I have been searching futilely for this site again. I'm trying to find that "Generate a workshop" or "Build a workshop" link or button, but I can't find the site again and it's making me crazy!

Does anyone know what I am talking about? What is the website with the "Make a workshop" link?
 
"Generate a workshop" or "Build a workshop" link or button

I don't see an automated "Generate a workshop" or "Build a workshop" link or button on that site. The categories are very similar, but the site I saw had a custom "Make workshop" link or button based on what you wanted to work on.
 
"Generate a workshop" or "Build a workshop" link or button

That must be it, Mike, as it is the closest thing to what I am remembering. I could be wrong, but in my memory, you could tell the generator what skill you wanted to work on, then it would generate a workshop for you based upon that. But the link you posted is so close to that, it must be right, while my memory is probably faulty.

Thanks, Mike!

Cheers!
 

Gypsy

Queen of Questions
I hope no one thinks me an ass for saying this, but, god I love this thread!

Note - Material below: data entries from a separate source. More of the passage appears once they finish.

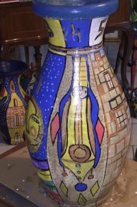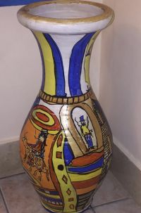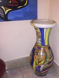 Der Maler Mario De Sisto widmet sich auch der Malerei von Terrakotta. Er stammt ursprünglich aus Kampanien in Italien, wo bemalte Terrakotta tausendjährigen Ursprungs ist.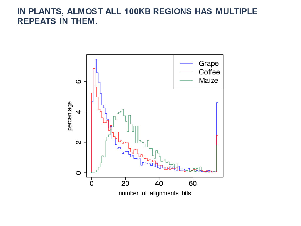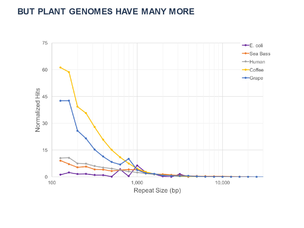 For a perfect assembler and at a high coverage, the contiguity of the assembly at a finite read length is limited by repetitive sequences. We study the limit imposed by repeat structures in plants, and contrast it to human, as the read length is increased. We started with assembled contigs from long reads and perform an all-against-all alignment. Non- unique regions of the contigs define repeats. We compare the repetitive sequences in human, a fish and several plants including coffee, grape and maize. We show the tendency of repeats to cluster in several plant genomes. Clustered repeats are especially difficult to assemble from short reads because even when all short reads are identified to be from the same 100 kb region, they are still repetitive in the repeat-cluster.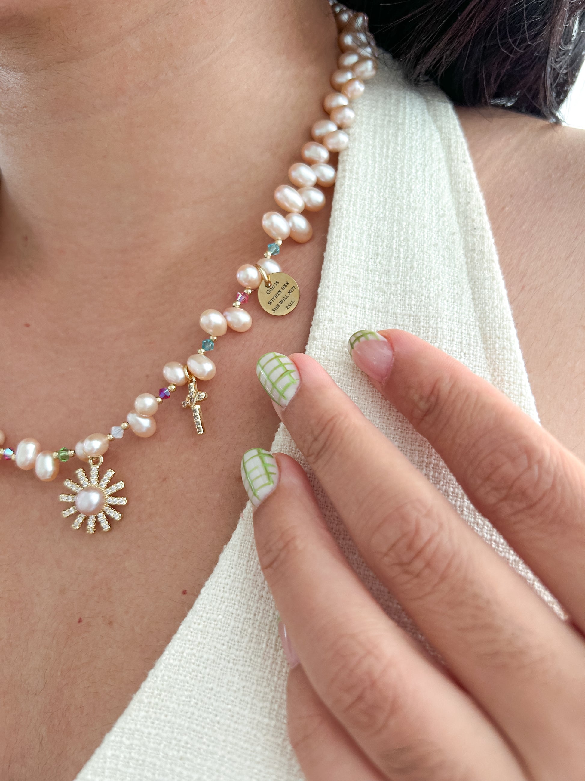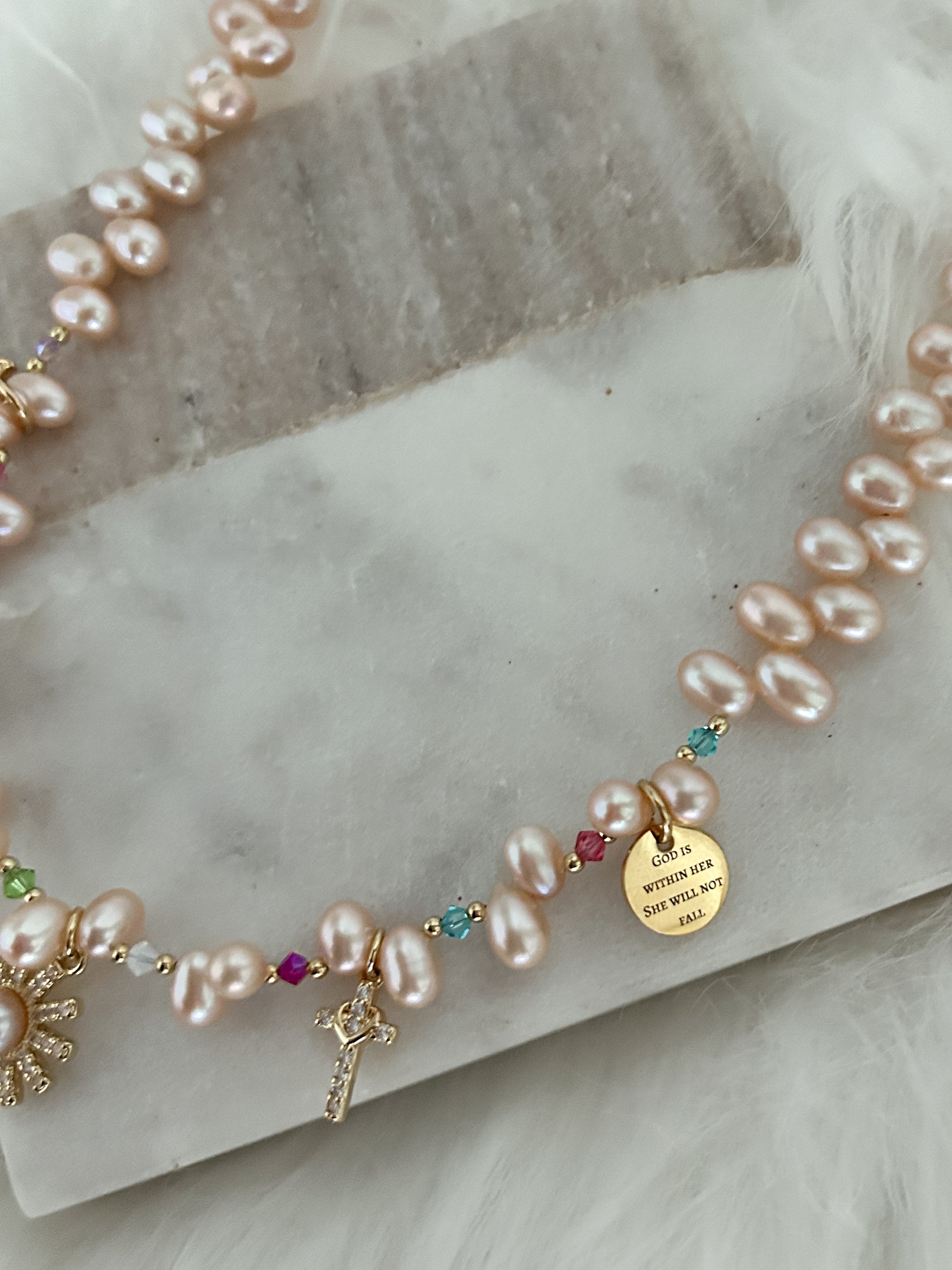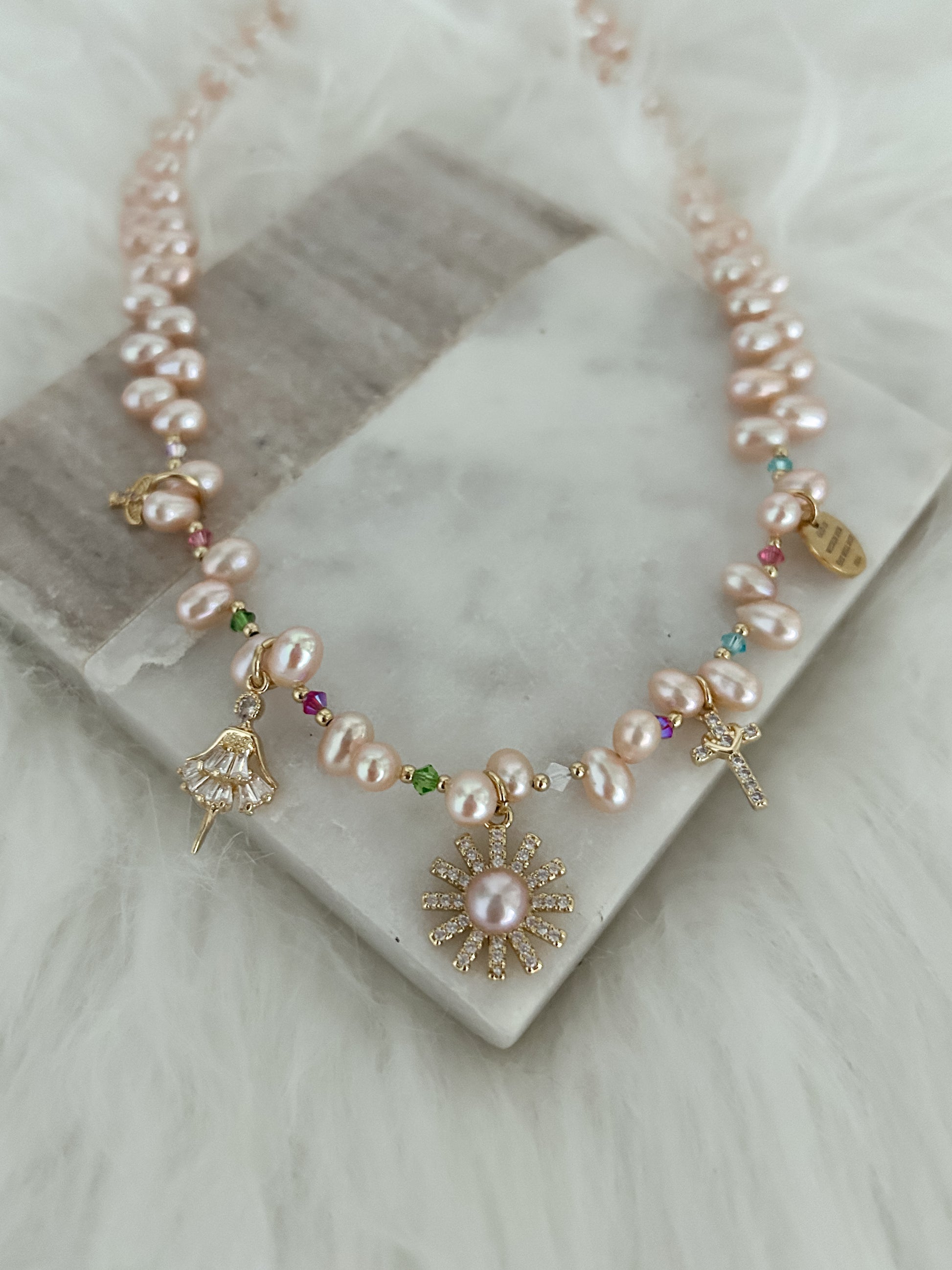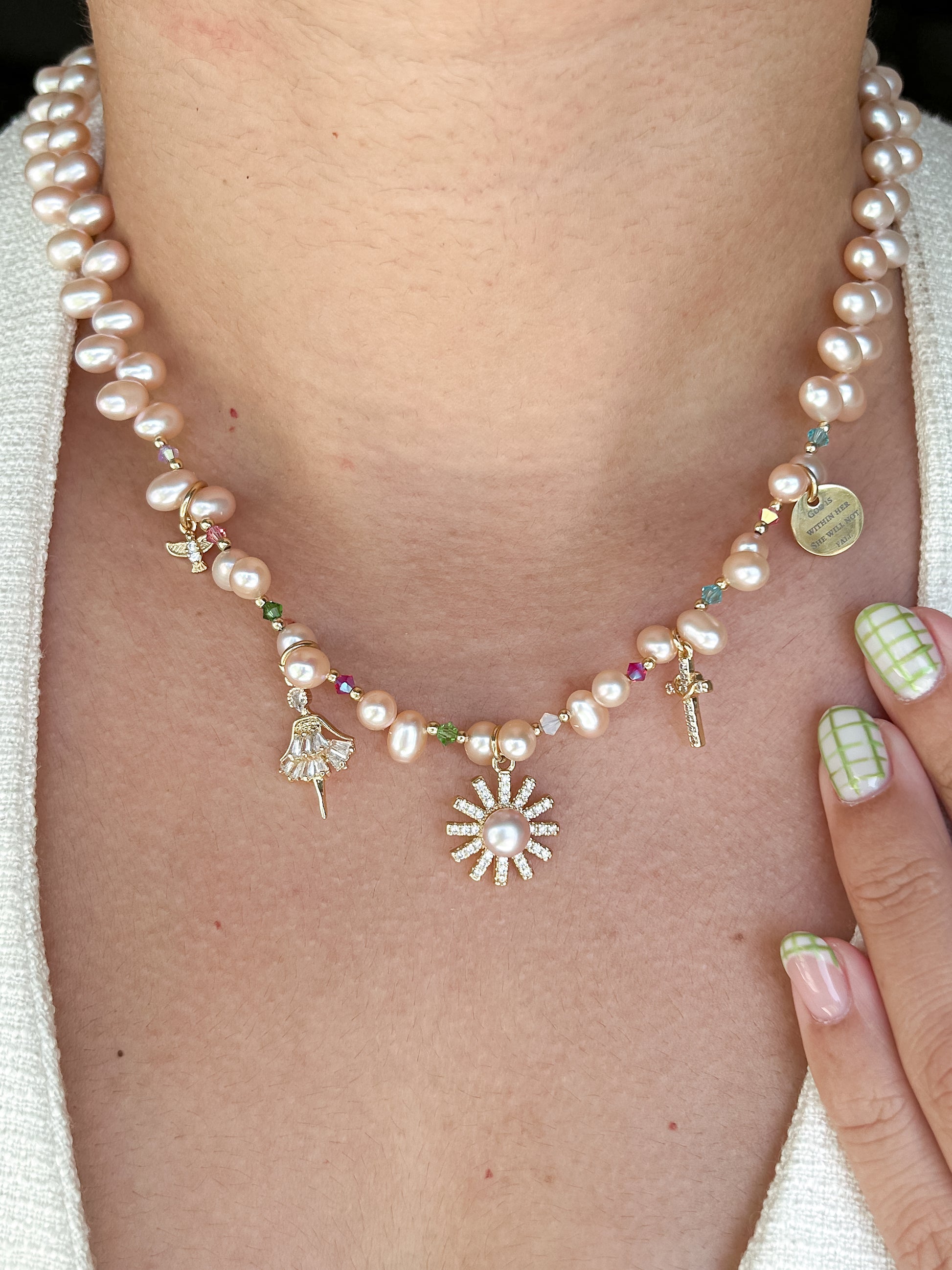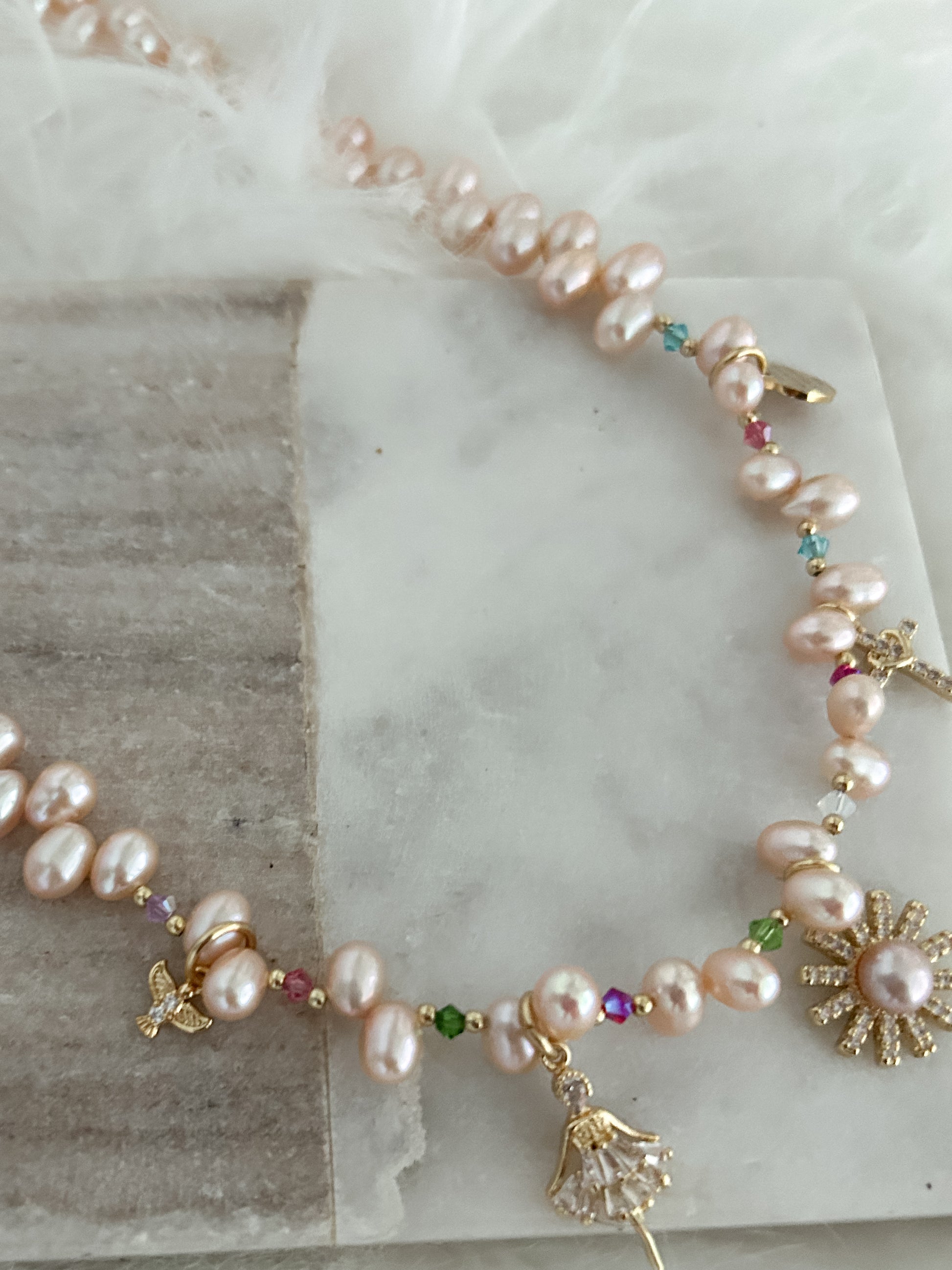 Made with soft pink freshwater pearls, gold-filled charms, Swarovski beads and stainless steel endings.

I haven't read the whole thing, top to bottom, in almost two years. So much good information in here, so many descriptions, so many viewpoints.

It is so cool reading it all at once, long after it was written. There are things in here that I'd forgotten about, already, and things that, though well-described (to someone who had at least a basic knowledge, i.e. knew shitloads more than me), full comprehension simply eluded me at the time. I don't know if I was trying too hard to understand, originally, or if I picked up more than I realized by lurking all over the boards over time and it finally just clicked, or because reading straight through without the pauses to wait for answers made the difference, but a few things just jelled for me. So freaking awesome.

Did I ever remember to thank y'all for all of this? Not just the answerers, either, but every person who jumped in and asked questions I hadn't thought to ask or didn't know to ask, too. Oh, man... thank you. All of you. So much. :love:
 
I am new to the forums and I have just been able to skim through this thread. But I love it. It is chock full of good knowledge and asking questions is the only way we continue to learn. Thank you Gypsy for starting the thread.